装置:TMA−60(島津製作所(株)製)
雰囲気ガス:窒素
試験モード:引張モード
初期荷重:4g/mm2定速荷重モード
昇温速度:10℃/分
サンプルサイズ:巾5mm×長さ(引張方向)10mm
引張り方向:流れ方向
温度範囲:20〜50℃
<加飾樹脂成形品の製造>
上記で得られた各加飾シートを、それぞれ、180℃に加熱し、延伸倍率が100〜300%となる部分を有する真空成形型を用いて真空成形(予備成形)を行い、成形シートを得た。次に、得られた成形シートを射出成形型に挿入し、射出成形型を型締めし、第1の支持体層側から流動状態のABS樹脂を型内に射出し、そのまま冷却して固化させることにより、加飾樹脂成形品を得た。射出成形時の射出樹脂の温度は、260℃とした。また、射出成形型の温度は、50℃とした。また、今回製造した加飾樹脂成形品は、側面から観察した際に視認されるほぼ全領域が加飾シートによって加飾されるよう、加飾シートの端部と加飾樹脂成形品の端部がほぼ一致するような形状とした。
(加飾シートと射出樹脂との密着性評価)
上記で得られた各加飾樹脂成形品について、以下の方法により、加飾シートと射出樹脂との密着性を評価した。まず、加飾樹脂成形品の表面に、カッターナイフを用いて十字の傷を付けた。この傷の上から、ニチバン社製のセロテープ(登録商標)(No.405−1P)を圧着した後、90度方向に急激に剥離することによって、剥離が見られない又は僅かである場合をOK、著しい剥離が見られる場合をNGとして密着性を評価した。結果を表1に示す。

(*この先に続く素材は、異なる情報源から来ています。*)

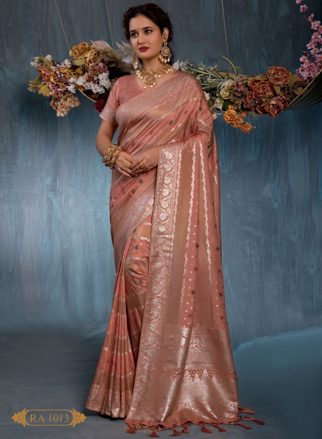 Capture the soft glow of a sunset with this Rose Gold/Peach Viscose Jacquard saree. This piece is perfect for weddings and festive occasions where you want a soft, romantic aesthetic.

(加飾シートと射出成形型との間への射出樹脂の流れ込みの有無の確認)
上記で得られた各加飾樹脂成形品の端部及び表面を目視で観察し、加飾樹脂成形品を製造する際の射出成形において、加飾シートと射出成形型との間への射出樹脂の流れ込みの有無を確認した。結果を表1に示す。
11…第1の支持体層
12…第2の支持体層
2…接着層
3…意匠層
4…表面保護層
5…射出樹脂

Claims (10)

  1. 少なくとも、第1の支持体層と、第2の支持体層を備える加飾シートであり、
    前記第1の支持体層は、アクリロニトリル−ブタジエン−スチレン樹脂により形成されており、
    前記第1の支持体層の厚みが、200μm〜500μmであり、
    前記第2の支持体層の厚みが、100μm〜150μmであり、
    前記加飾シートは、150℃の環境下における50%延伸時の引張強度が、4.0N/25mm以上である、加飾シート。
  2. 20℃〜50℃における線膨張係数が1×10-4/K以下である、請求項1に記載の加飾シート。
  3. 少なくとも、第1の支持体層と、第2の支持体層を備える加飾シートであり、
    前記第1の支持体層とは反対側の表面に、表面保護層をさらに備え、
    前記第1の支持体層は、アクリロニトリル−ブタジエン−スチレン樹脂により形成されており、
    前記第2の支持体層は、アクリル樹脂により形成されており、
    前記加飾シートは、20℃〜50℃における線膨張係数が1×10-4/K以下である、加飾シート。
  4. 意匠層をさらに備える、請求項1〜3のいずれかに記載の加飾シート。
  5. 前記第2の支持体層が、熱可塑性樹脂により形成されている、請求項1又は2に記載の加飾シート。
  6. 前記第1の支持体層の厚みが、300μm〜500μmであり、前記第2の支持体層の厚みが、50μm〜200μmである、請求項に記載の加飾シート。
  7. 前記第1の支持体層とは反対側の表面に、表面保護層をさらに備える、請求項1又は2に記載の加飾シート。
  8. 前記表面保護層の厚みが、2μm〜6μmである、請求項3又は7に記載の加飾シート。
  9. 自動車内装用である、請求項1〜8のいずれかに記載の加飾シート。
  10. 請求項1〜9のいずれかに記載の加飾シートを、真空成形型により真空成形して成形シートを得る工程と、
    前記成形シートを射出成形型に挿入し、射出成形型を型締めし、前記第1の支持体層側から流動状態の樹脂を型内に射出し、固化させて、射出成形と同時に樹脂成形物の外表面に前記成形シートを一体化させる工程と、
    を備える、加飾樹脂成形品の製造方法。